Hydrologic Cycle:
The Hydrologic Cycle, also known as the water cycle or the H2O cycle, describes the continuous movement of water on, above and below the surface of the Earth.
The diagram shows an overview of the process.
There are five basic processes that make up the hydrologic cycle: Condensation, precipitation, infiltration, runoff, and evapo-transpiration.
Condensation is the process of water changing from a vapour to a liquid. Water vapour in the air rises mostly by convection. This means that warm, humid air will rise, while cooler air will flow downward. As the warm air rises, the water vapour will lose energy, causing its temperature to drop. The vapour then has a change of state (liquid or ice).
Precipitation is water being released from clouds as rain. Precipitation begins after water vapour, which has condensed in the atmosphere, becomes too heavy to remain in atmospheric air and falls. Under some circumstances precipitation actually evaporates before it reaches the surface. More often, though, precipitation reaches the Earth’s surface, adding to the surface water in streams and lakes, or infiltrating the soil to become groundwater.
Infiltration: A portion of the precipitation that reaches the Earth’s surface seeps into the ground through the process called infiltration. The amount of water that infiltrates the soil varies with the degree of land slope, the amount and type of vegetation, soil type and rock type, and whether the soil is already saturated by water. The more openings in the surface (cracks, pores, joints) the more infiltration occurs. Water that doesn’t infiltrate the soil flows on the surface as runoff.
Runoff: Precipitation that reaches the surface of the Earth but does not infiltrate the soil is called runoff. Runoff can also come from melted snow and ice. When there is a lot of precipitation, soils become saturated with water. Additional rainfall can no longer enter it. Runoff will eventually drain into creeks, streams, and rivers, adding a large amount of water to the flow. Surface water always travels towards the lowest point possible, usually the oceans. Along the way some water evaporates, percolates into the ground, or is used for agricultural, residential, or industrial purposes.
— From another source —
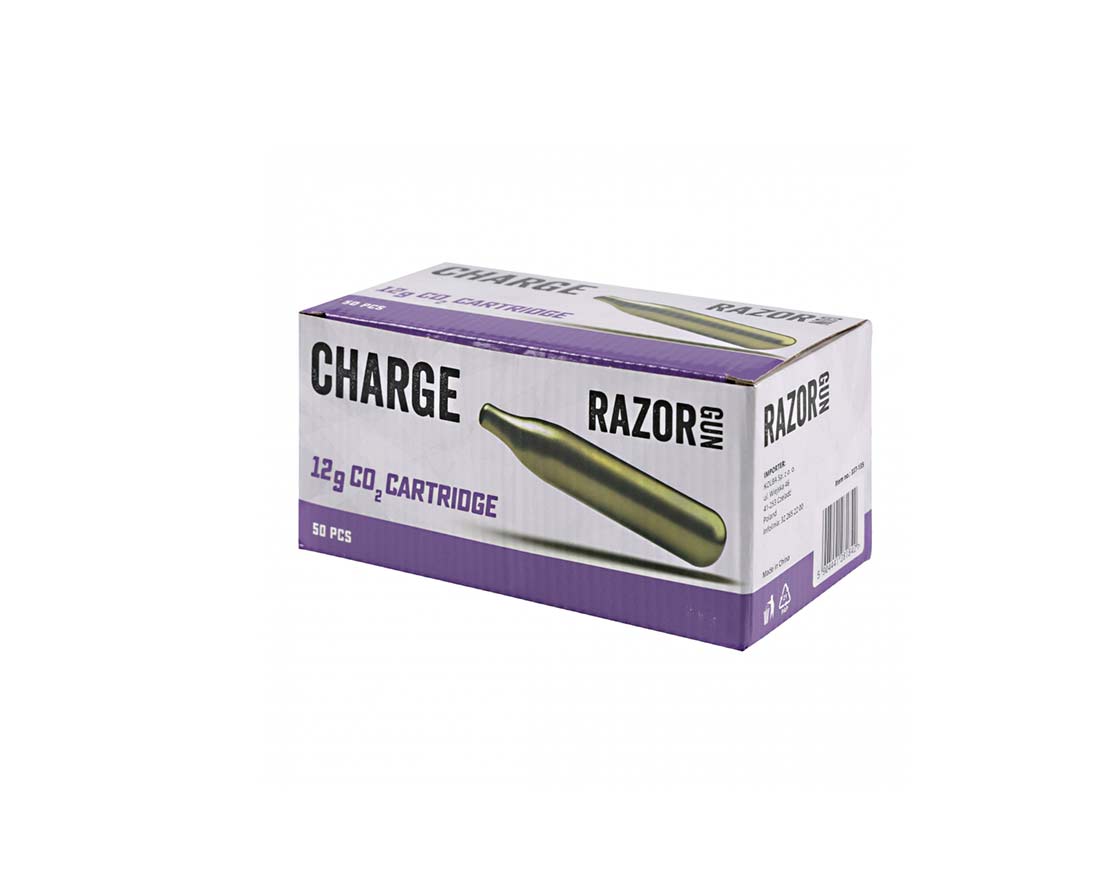Capsula Co2 Razor 12g pentru replici arme airsoft pe baza de aer comprimat.
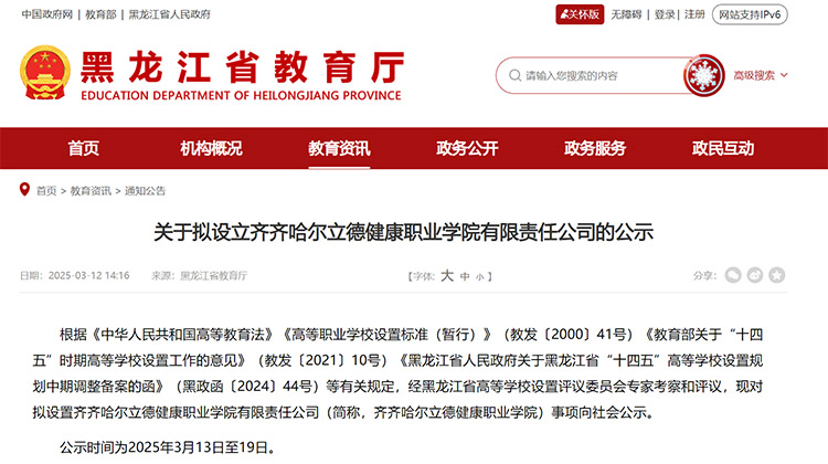 3月12日,黑龍江省教育廳發(fā)布《關于擬設立齊齊哈爾立德健康職業(yè)學院有限責任公司的公示》,對擬設置齊齊哈爾立德健康職業(yè)學院有限責任公司(簡稱,齊齊哈爾立德健康職業(yè)學院)事項向社會公示。

Evapo-transpiration is water evaporating from the ground and transpiration by plants. Evapo-transpiration is also the way water vapour re-enters the atmosphere. Evaporation occurs when radiant energy from the sun heats water causing the water molecules to become so active that some of them rise into the atmosphere as vapour. Transpiration occurs when plants take in water through the roots and release it through the leaves, a process that can clean water by removing contaminants and pollution.